Эти же вопросы волновали и автора комментариев, сделанных вторым почерком. Прежде всего он сравнивает (и уравнивает!) Адама и Христа. «Адамъ и Христос безсѣмене»[466], – отмечает он рядом со второй главой книги Бытия. Чуть ниже эта тема развивается подробнее: «Ибо яко Адам глава есть всем человеком и отецъ, так и Христосъ по плоти церкви глава и отецъ будущего вёка… паки сподобися… божiи нарещися истинно о Христѣ… апостолу иже есть образ бога невидимаго. Грѣхъ Адамовъ бѣ против бога, преступи ббр., о приказание божiе, не прокля Адама, но землю. А ниже зри во главѣ 4, согреши Каинъ противу Авеля убiиством и что рече богъ»[467].
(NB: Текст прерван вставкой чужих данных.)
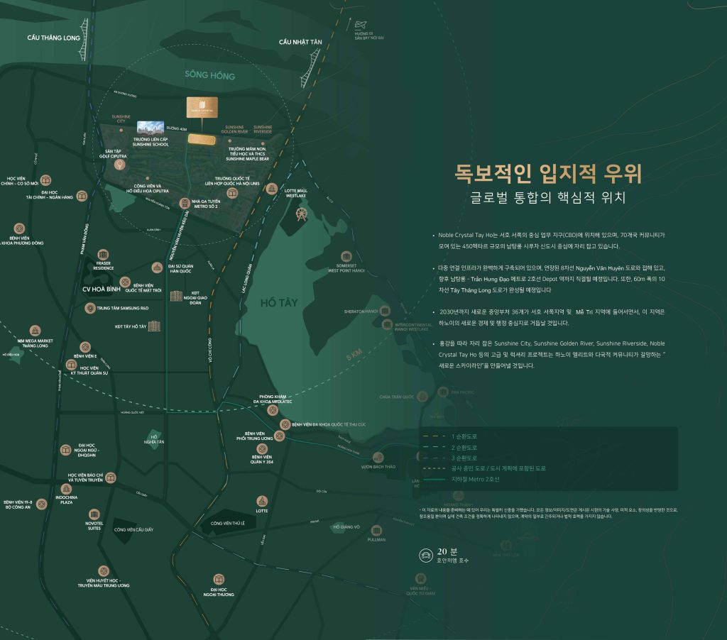 특히 Tây Hồ Tây 지역의 개발 계획으로, 하노이의 새로운 행정·외교 중심지로 부상하며, 외국인 거주자가 늘어나는 상황 속에서 Noble Crystal의 입지는 국제적 라이프스타일을 구현하고 장기적인 가치 상승을 보장합니다. 이 지역은 이미 국제 자본을 끌어들이는 “자석”과 같은 역할을 하고 있습니다.
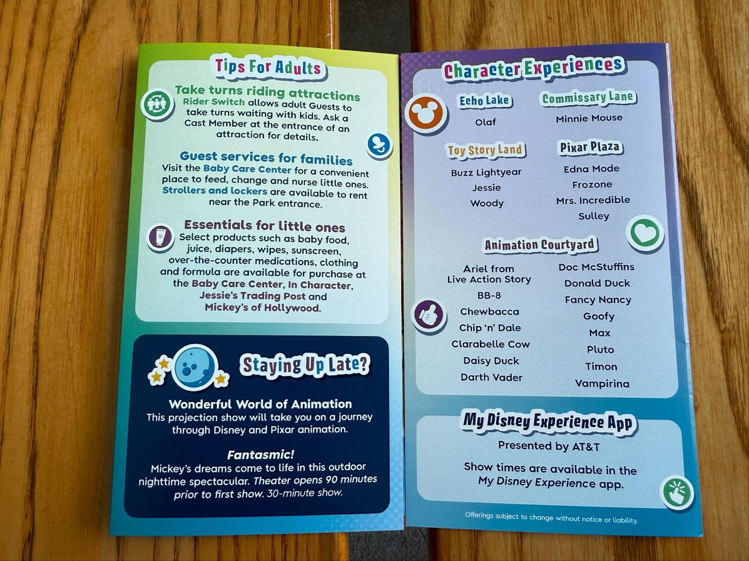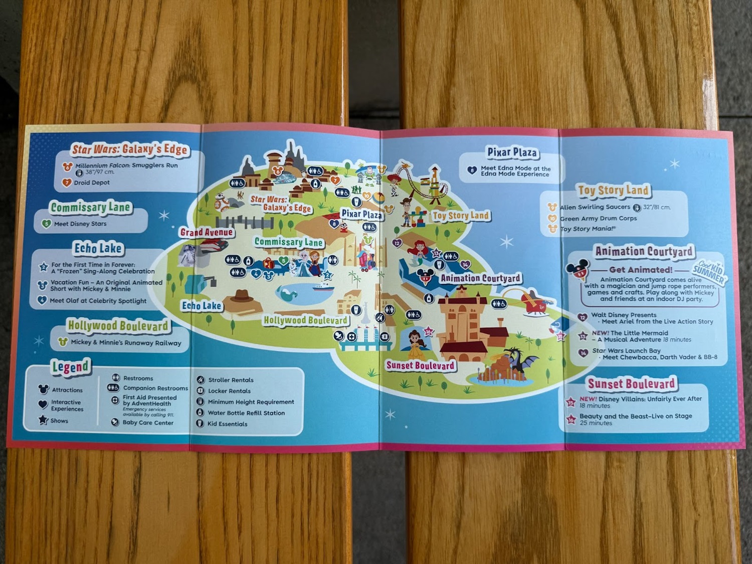 Within each map, the viewable attractions and experiences have been simplified, only including options that everyone in the family can experience together. (i.e. Sunset Blvd lists Beauty and the Beast: Live On Stage and the new Villain show, but doesn’t mention Tower of Terror)
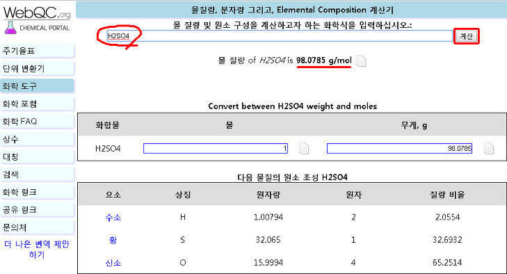 [ 참고: 몰질량 계산기 https://ko.webqc.org/mmcalc.php ] 몰질량 및 원소 구성을 계산하고자 하는 화학식을 입력하십시오.
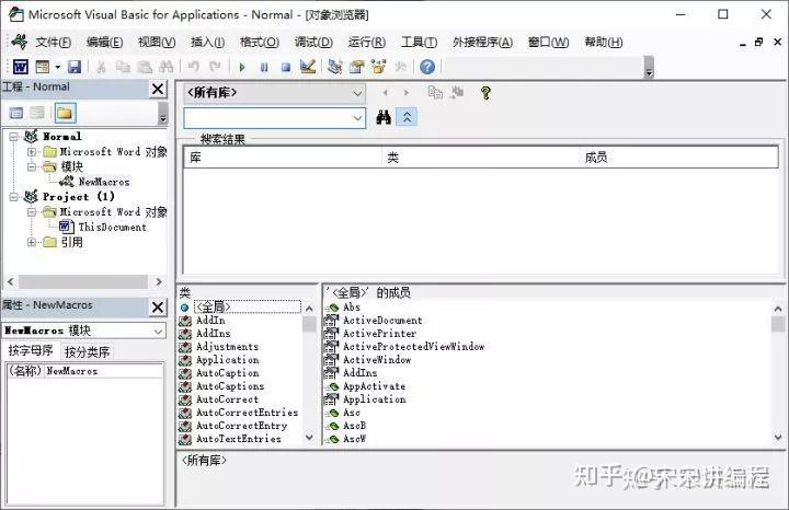同样,其余获得方法可在Word-宏编辑器-对象浏览器中查询。
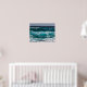 Poster est montré avec une photo empreinte de belles vagues océaniques. Customisez cet objet ou achetez tel quel. Image stock
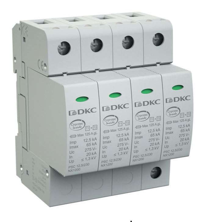 УЗИП, класс I+II, 4-полюсный, L1-L2-L3-N, 12,5кA, на основе газонаполненных разрядников и оксидно-цинковых варисторов рекомендуется к применению в любых зданиях и сооружениях, подверженных ударам молнии. Устанавливаются на уровне главного распределительного щита. Монтаж на DIN-рейку.
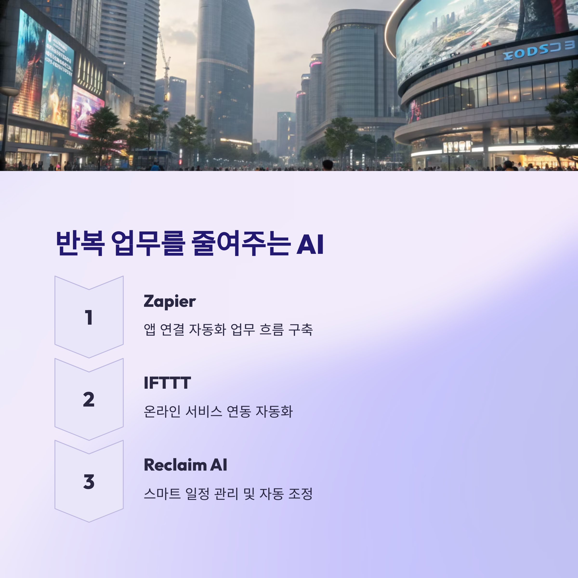 업무에서 가장 비효율적인 부분은 반복적인 작업입니다. AI 자동화 도구를 사용하면 이메일 정리, 파일 정리, 일정 조율 등 반복적인 업무를 자동으로 처리할 수 있습니다. 이를 통해 시간을 절약하고 더 중요한 업무에 집중할 수 있습니다.
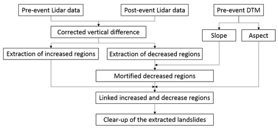Flowchart of the proposed method to detect landslides using pre- and post-event Lidar data.
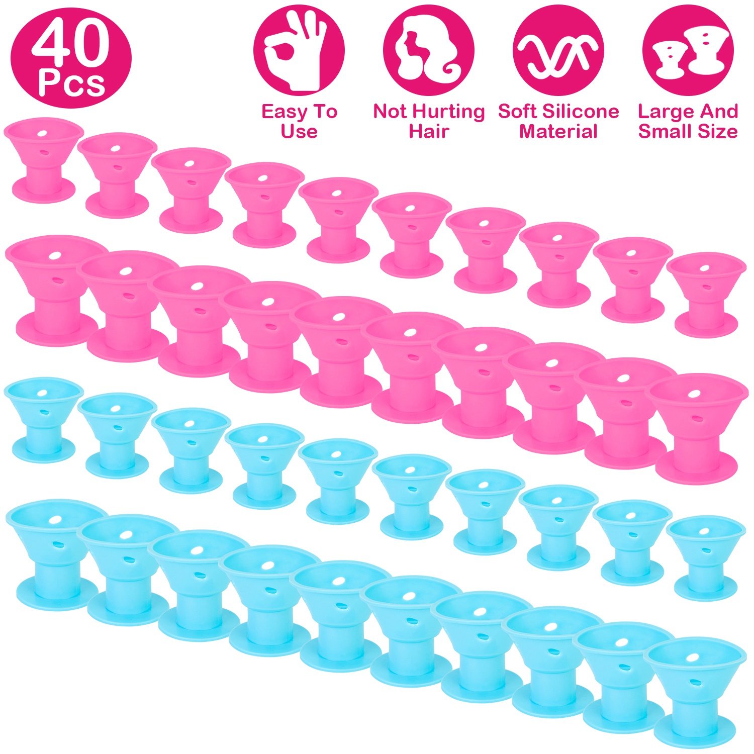 40Pcs Silicone Hair Curler Hair Roller No Heat Clip Hair Styling Tool 20x1.97in Large 20x1.57in Small Curler

В комментарии возникает важная тема о том, какова природа ответственности первого человека. И здесь содержится весьма существенный вывод – за выступление против бога был проклят не Адам, а земля! Следовательно, отпадали ограничения «самовластия» первых людей, обречённых, по мнению Иосифа Волоцкого и его последователей, на муки.
Проследим за комментатором второго почерка и обратимся к его примечанию на четвёртую главу книги Бытия. Около слов Библии – «И рече господь, что сътвориль еси се, глас крове брата твоего въпиетъ къ мне от земля, и ныне проклятъ ты на земли» – он пишет: «Зри выше во главѣ 3. Фараон царь египетский противился богу, и долготерпяше ему богъ. А егда показа лютость отрочатом евреюким и самем евреом, погуби фараона и мори. Не тако бо мстит богъ за себе, яко – же за ближнего нам. Матфеи, глава 18» (курсив мой. – Р. П.)[468].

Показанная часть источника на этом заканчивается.